MICHAEL MCLEOD: I’m at the Art Institute in Chicago. I just took candy from a Felix Gonzales-Torres sculpture. I’m Instagramming myself pretending to step on Carl Andres and touch Eva Hesses.
BLVR: Why do you keep deleting your Instagram account every few months and making a new one?
MM: I get overwhelmed and delete all of my social media accounts thinking, “That’s it, no more Internet,” but I always come back. Instagram is keeping me company while I drive across the country.
BLVR: I actually re-installed Instagram on my phone for this drive to Minneapolis. I’m glad we both had that impulse, because it let us know we were in Amarillo at the same time. When I saw you there you had just come from photographing a sex shop in an old train car. Do I have that right?
MM: It was sort of unbelievable, you and I ending up in the same Texas town on the same day right across the street from each other. It was an adult video arcade in a converted train station. I never could’ve imagined the ramshackle homemade porn shops I found in Amarillo. Pretty amazing and a little terrifying – converted barns, steel sheds. It’s that porno vernacular I’m after. Lately I’ve been calling it “medieval kitsch.”
BLVR: Medieval kitsch comes through in the photographs. There are times when it looks like you are exploring torture chambers, and the way you are photographing – blasting things with flash – seems like you are investigating crime scenes, but the pictures somehow retain some sensitivity. There’s a lot of fantasy even in the dankest, dirtiest, most hopeless scenes. You told me in Texas that you have two-hundred of these sex shops mapped out on your trip. How much variation is there among these places?
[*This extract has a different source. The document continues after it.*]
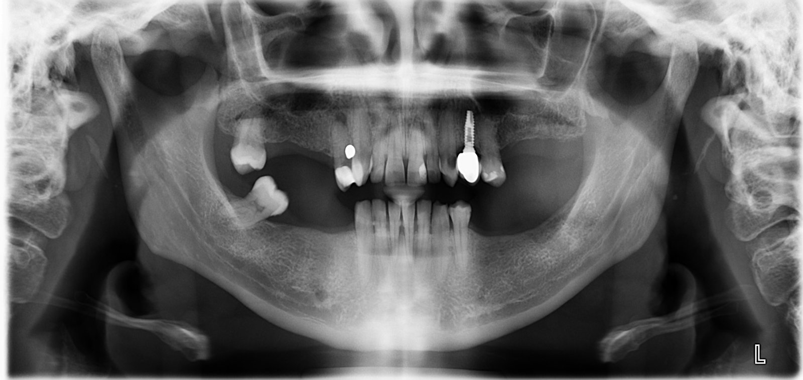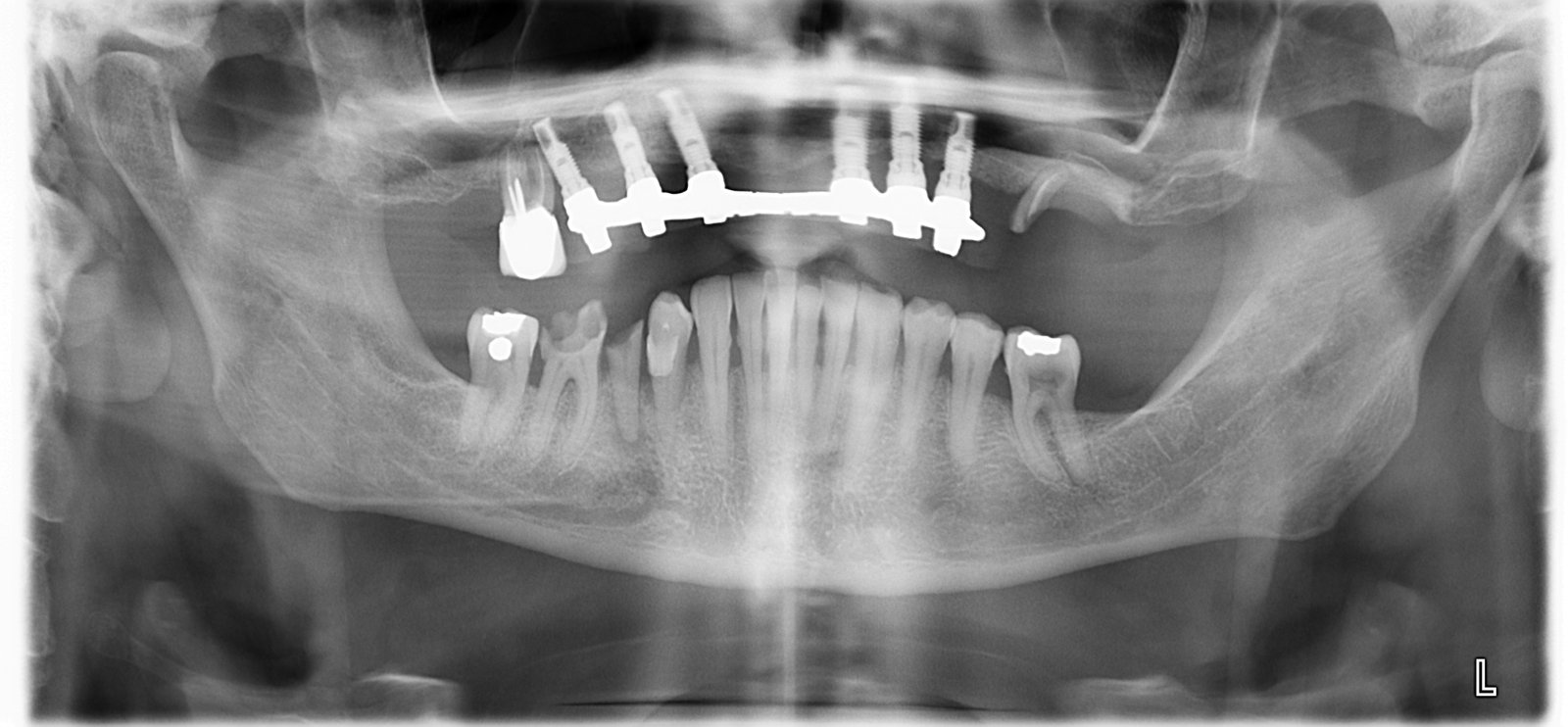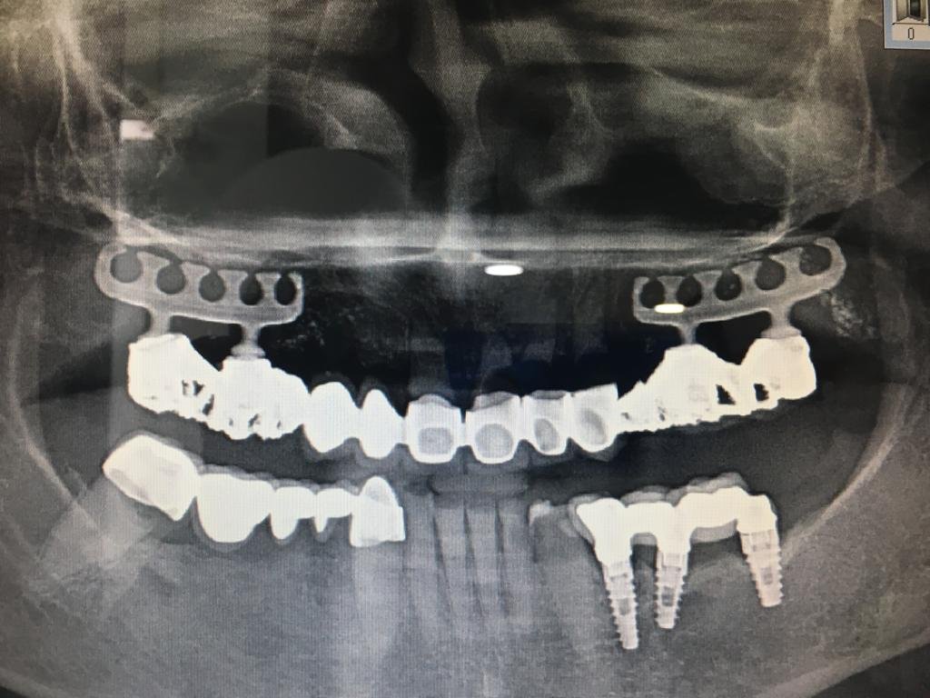 Paciente mujer fumadora de 10 cigarrillos al día, presenta movilidad de rehabilitación superior total con laminas de Linkow bilateral. El tratamiento fue realizado hace 30 años; presenta fistula en palatino. [...]

MM: Yes, torture chambers. Or psychological reprogramming labs. There’s this weird parallel with the Internet, too. These video booths are not much more than a chair, a button, a screen, and a way to feed the machine money. They’re all the same in that way, but they’re all different too. There’s definitely a standard-issue video arcade, all of which look the same. But some arcades are so outlandishly different. I get really excited about photographing those.
Legal issues surrounding the arcades differ as well. In some cities, mirrors have to be installed in each booth. In others, the booths can’t have doors; some can only have half-doors. Some have had all the glory-holes sealed over if they were outlawed. These little spaces are definitely contested as far as what a community deems acceptable.
I have mixed feelings about them. Adult video arcades are crushingly sad, the way that video and a hole in the wall has to be a social lubricant for what often goes on between men. But they’re also wonderful social pressure valves. Someone who’s conflicted between culture and desire can find freedom for a dollar.